The 24th Annual Eizenstat Family Memorial Lecture featured United States Supreme Court Justice Stephen Breyer. The turnout to hear the judge speak at Ahavath Achim Synagogue on the evening of Nov. 7 was tremendous, putting both parking and seating at a “premium” for the free event.

Justice Stephen Breyer

After a message on the just-passed elections from Rabbi Neil Sandler and an introduction from the founder of the lecture series himself, Ambassador Stuart Eizenstat, Breyer launched into educating and entertaining a massive audience that included many local judges, lawyers and law students.

The premise of the justice’s lecture – entitled “Making Our Democracy Work: A Judge’s View” – was to answer the questions that he himself frequently fields and contemplates. To begin, he explored why the American people should or would follow the decisions of nine unelected individuals, the Supreme Court Justices.

“Contrary to popular belief, there are 308 million Americans who are not lawyers,” Breyer said, getting a rise out of the audience with the wisecrack. “So, why do you have something at stake here?”
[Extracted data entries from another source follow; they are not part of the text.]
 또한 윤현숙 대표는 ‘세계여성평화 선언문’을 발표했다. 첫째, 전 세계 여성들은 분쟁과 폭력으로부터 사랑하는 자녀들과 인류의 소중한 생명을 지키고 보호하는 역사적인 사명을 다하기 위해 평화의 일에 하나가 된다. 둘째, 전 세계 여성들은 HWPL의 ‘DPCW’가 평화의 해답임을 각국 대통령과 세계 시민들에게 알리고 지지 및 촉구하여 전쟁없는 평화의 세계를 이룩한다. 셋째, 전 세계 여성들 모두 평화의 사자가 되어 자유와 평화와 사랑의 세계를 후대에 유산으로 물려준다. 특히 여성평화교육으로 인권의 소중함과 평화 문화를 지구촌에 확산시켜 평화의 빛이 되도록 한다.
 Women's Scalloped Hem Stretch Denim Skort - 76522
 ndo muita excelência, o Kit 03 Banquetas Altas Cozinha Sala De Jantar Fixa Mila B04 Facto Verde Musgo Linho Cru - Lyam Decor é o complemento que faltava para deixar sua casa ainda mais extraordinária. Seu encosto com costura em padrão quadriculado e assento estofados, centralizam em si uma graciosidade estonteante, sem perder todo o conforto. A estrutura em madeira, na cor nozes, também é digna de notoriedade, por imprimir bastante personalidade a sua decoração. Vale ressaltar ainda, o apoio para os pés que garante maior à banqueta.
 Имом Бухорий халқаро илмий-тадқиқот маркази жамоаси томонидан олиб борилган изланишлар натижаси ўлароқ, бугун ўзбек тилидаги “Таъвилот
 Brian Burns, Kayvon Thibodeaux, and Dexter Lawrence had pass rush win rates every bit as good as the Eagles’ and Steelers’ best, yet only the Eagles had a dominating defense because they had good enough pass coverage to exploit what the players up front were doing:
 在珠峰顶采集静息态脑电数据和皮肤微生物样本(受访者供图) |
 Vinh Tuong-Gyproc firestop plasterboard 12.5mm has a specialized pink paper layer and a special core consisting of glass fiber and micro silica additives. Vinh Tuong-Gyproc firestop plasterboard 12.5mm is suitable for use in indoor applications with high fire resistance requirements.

To begin to address such a weighty query, the justice went back to the beginning – of the United States, that is – to Alexander Hamilton and his Federalist Papers. It was in one portion of this fabled collection of documents that Hamilton first reasoned out why a third branch of government should wield the power of determining the “Constitutionality” of individual laws.

Breyer then cited several Supreme Court cases – Marbury v. Madison, Brown v. the Board of Education, Bush v. Gore and Korematsu v. the United States among them – which illustrate why and how the system of checks and balances originally laid out by our country’s forefathers is not only effective, but ideal.
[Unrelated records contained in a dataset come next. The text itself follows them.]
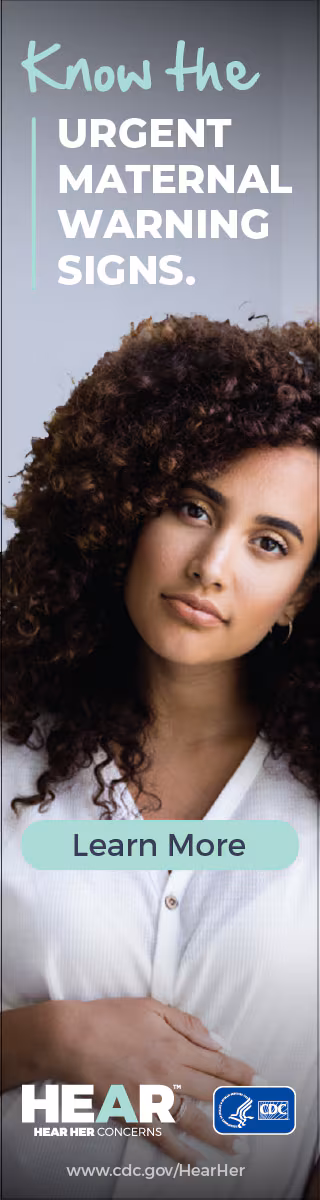 | <a href="http://dev2.restoredcdc.org/hearher/maternal-warning-signs/index.html?s_cid=DRH_HearHer_English-300x600-aqua" title="Hear Her: Learn the warning signs. It could help save a life"><img src="https://www.cdc.gov/hearher/images/resources/download/English-300x600-aqua.jpg" alt="Hear Her: Learn the warning signs. It could help save a life."></a> |
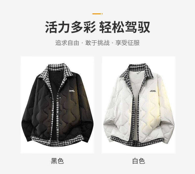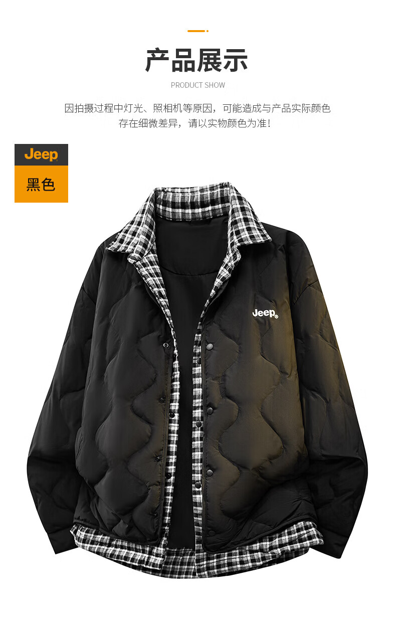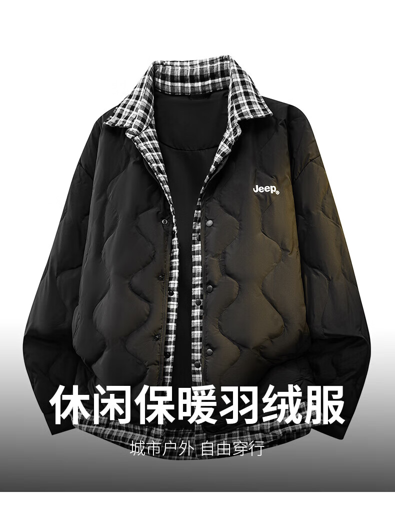 JEEP American genuine high-end fake two-piece down jacket winter new warm men's clothing casual lapel warm jacket black official authentic L
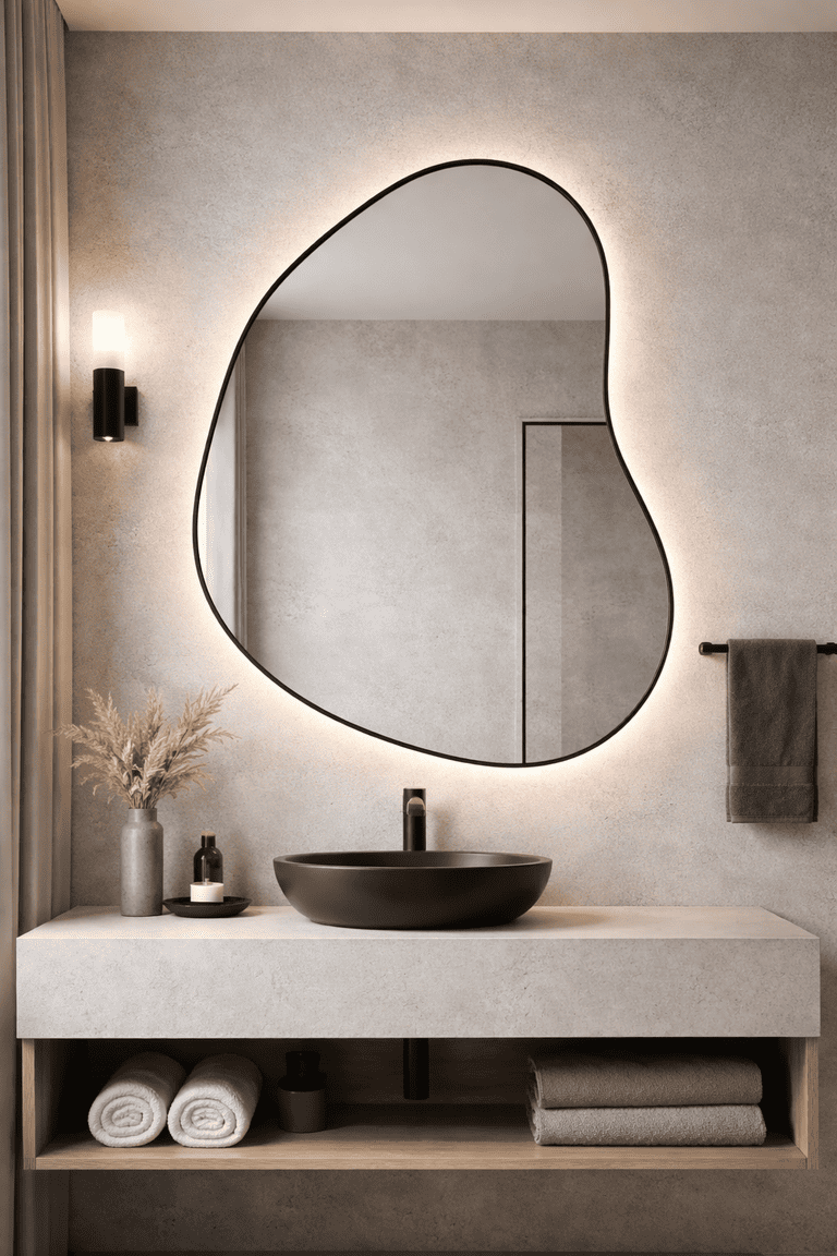 Espelho orgânico com moldura preta minimalista, perfeito para projetos contemporâneos.

With each case, Breyer noted how certain opinions – both assenting and dissenting – further illustrate how Supreme Court justices help shape U.S. policy and lawmaking and, in turn, the lives of everyday citizens.

And speaking of the people, they have a responsibility, a huge role to play, too.
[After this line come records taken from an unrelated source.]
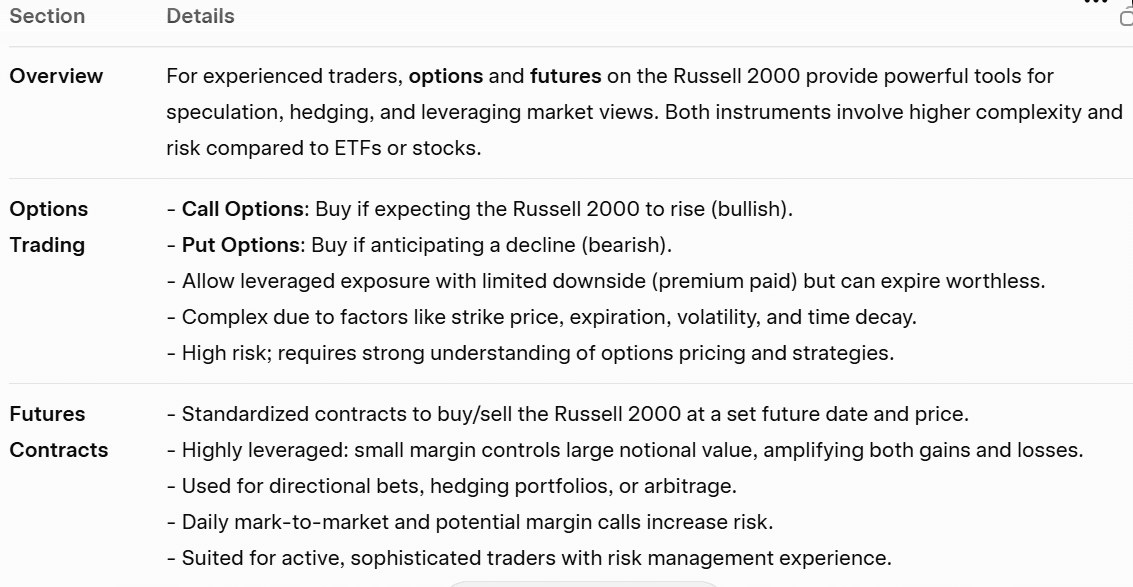 تداول الخيارات: يمكن للمستثمرين شراء خيارات الشراء (Call) إذا توقعوا ارتفاع مؤشر راسل 2000، أو شراء خيارات البيع (Put) إذا توقعوا انخفاضه. ويُعد تداول الخيارات معقدًا ويحمل مخاطر كبيرة، لذلك فإن الفهم العميق ضروري قبل الدخول فيه.
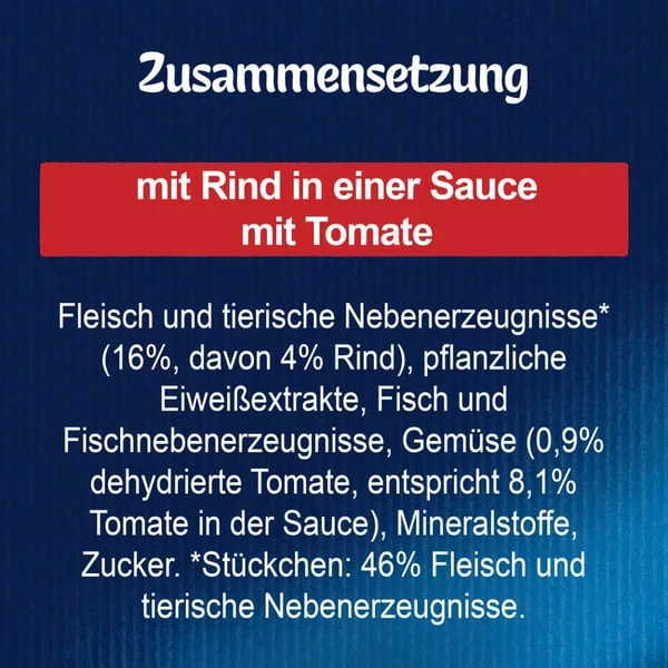 Fleisch und tierische Nebenerzeugnisse* (16%, davon 4% Rind), pflanzliche EiweiĂextrakte, Fisch und Fischnebenerzeugnisse, GemĂŒse (2,4% Tomatenkonzentrat, entspricht 4% Tomate in der SoĂe), Mineralstoffe, Zucker.
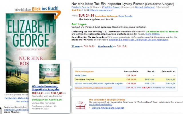 Dabei gilt es zwar zu bedenken, dass Hörbücher nicht der Buchpreisbindung unterliegen, aber „Nur eine böse Tat“ ist kein Einzelfall. Auch eine Reihe anderer eBooks sind im Vergleich zu den Hörbüchern viel zu teuer. So z.B. auch das Krimi-Debüt von Harry Potter Autorin J.K Rowling. „Der Ruf des Kuckucks“ kostet als eBook 18,99 Euro, als ungekürzter Hörbuchdownload bei Audible hingegen nur 15,78 Euro (eBook.de: 15,30 Euro).
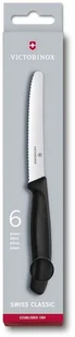 1. Sześć noży stołowych i pomidorów z ząbkowaną krawędzią ostrza, 11 cm- ergonomiczna rękojeść z materiału syntetycznego (PP) w kolorze czarnym- nadaje się do mycia w zmywarceSzwajcarską firmę Victorinox w 1884 roku założył Karl Elsener. Od samego początku firma zajmowała się produkcją noży, a w 1891 roku wyprodukowała pierwszą kolekcję scyzoryków, które do dnia dzisiejszego cieszą się dużym uznaniem na świecie oraz stanowią wyposażenie Armii szwajcarskiej. Wszystkie produkty firmy wytwarzane są w Szwajcarii z najwyższej jakości materiałów. Produkty firmy Victorinox objęte są dożywotnią gwarancją producencką.
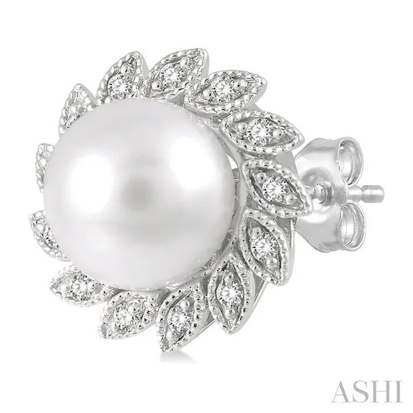 6x6 MM Round Shape Cultured Pearls and 1/10 Ctw Sunflower Round Cut Diamond Earrings in 10K White Gold Image 3 Adler's Diamonds Saint Louis, MO

“Know your history a little bit; understand your government institutions,” Breyer asked of his listeners. “ I hope that by doing so, you’ll do this Constitution the service of participating in public life.

“The most marvelous thing I see is when I look out into that courtroom and I see people of every race, every religion, every possible point of view, being there and resolving their differences,” he concluded.